No one is buying this and if they are let’s see how they would feel clocking in for work everyday and having someone withhold their paycheck. That is essentially what is being done to these athletes. Yes, they get stipends and may even get financial aid, but that is nowhere near enough. No one is saying they need to be paid handsomely as millionaires, but there needs to be a number set so that players coming out of high school have an incentive to play college sports.

Look at college basketball as a prime example of the backlash they are facing for not paying these young players. Brandon Jennings, Emmanuel Mudiay, Terrance Ferguson, LiAngelo Ball, LaMelo Ball, and, now, Billy Preston are playing or played some time overseas professionally. They passed up the chance to provide exposure to a university, have sellout crowds, and watch their jerseys get bought by fans only to never see the real percentage of what they deserve. And who could blame them?

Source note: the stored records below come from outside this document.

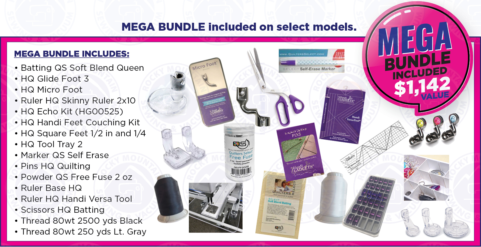 A 7-inch color touch screen puts all the controls at your fingertips. Why even the hand-wheel is on the screen! The machine comes with the ruler and open toe foot, but is compatible with all Handi Feet®. Fill the large-capacity M-class bobbin, choose any one of the five built-in tie-off stitches, and you are ready to quilt. If using a pattern, a pinpoint needle laser will guide you.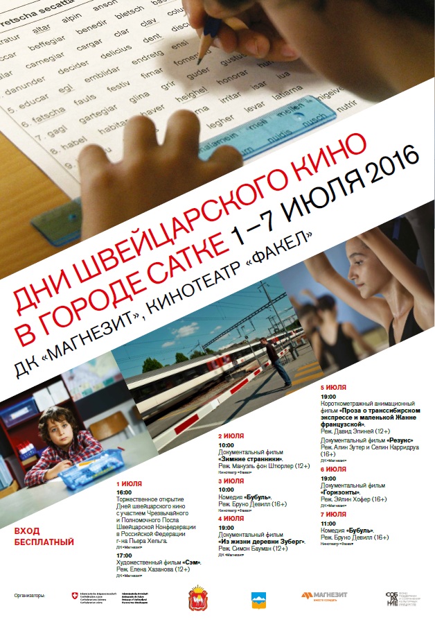 Весь июль в Сатке (Челябинская область) будет идти фестиваль швейцарской культуры – в рамках программы жители города и гости мероприятия смогут посмотреть семь швейцарских картин о взаимодействии различных культур, проблеме одиночества и стремительном росте городов, передает корреспондент Агентства новостей «Доступ» со ссылкой на пресс-службу регионального правительства.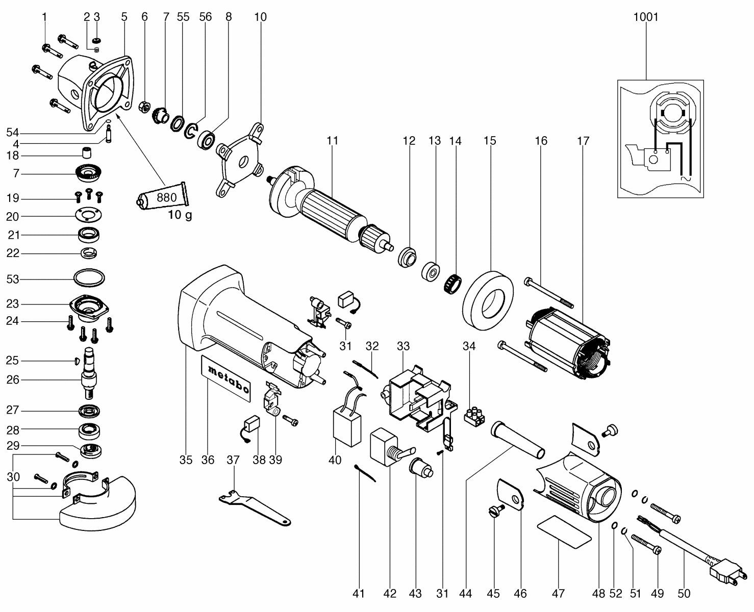 Zeichnung 1 Sollten Sie Fragen zu einem Ersatzteil von Metabo W 6-100 Winkelschleifer 606260310 haben, können Sie uns gerne eine E-Mail (mit einem Foto vom Typenschild Ihres Gerätes) schreiben oder eine Ersatzteilanfrage stellen.

Another area of concern is the amount of talent college baseball could be missing out on as a lot of players bypass the NCAA altogether and go straight to the professional ranks. Why work 3.3 hours more than the average American, according to Forbes, only to get stiffed?  Paying college athletes would give players a reason to consider going the traditional route to get to the professional level coming out of high school.

Also, let’s think about another set of problems with the NCAA. A lot of the money being generated is not being put back into classrooms or even the universities for that matter. Instead, a lot of this money is being put into the administration’s pockets or other NCAA aficionados. President Emmert makes 1.4 billion annually and let’s not forget about college coaches who make a hefty amount of money. Nick Saban made 11 million last year while Mike Krzyzewski made nearly 7.3 million according to Business Insider. It sends a bad message to players when coaches and NCAA personnel are reeling in the big bucks, but they can’t even see a fraction of their salary.

Some of you are thinking “UH HELLO THEY AREN’T PROS.” NCAA sports is essentially semi-pro as they put a lot of work into their craft. While you get to enjoy the holiday season, these athletes are still on campus playing ball. They miss out on spring break too. To those of you that feel like paying athletes will make it unfair for the smaller schools, that is true with an expiration date attached to it. If you look through the decades of college sports, you see that over time things began to balance itself out. That is why Boise State and San Diego State have risen in football. That is why mid majors always crash the party in the NCAA Tournament in men and women’s college hoops like Vince Vaughn and Owen Wilson in “Wedding Crashers.”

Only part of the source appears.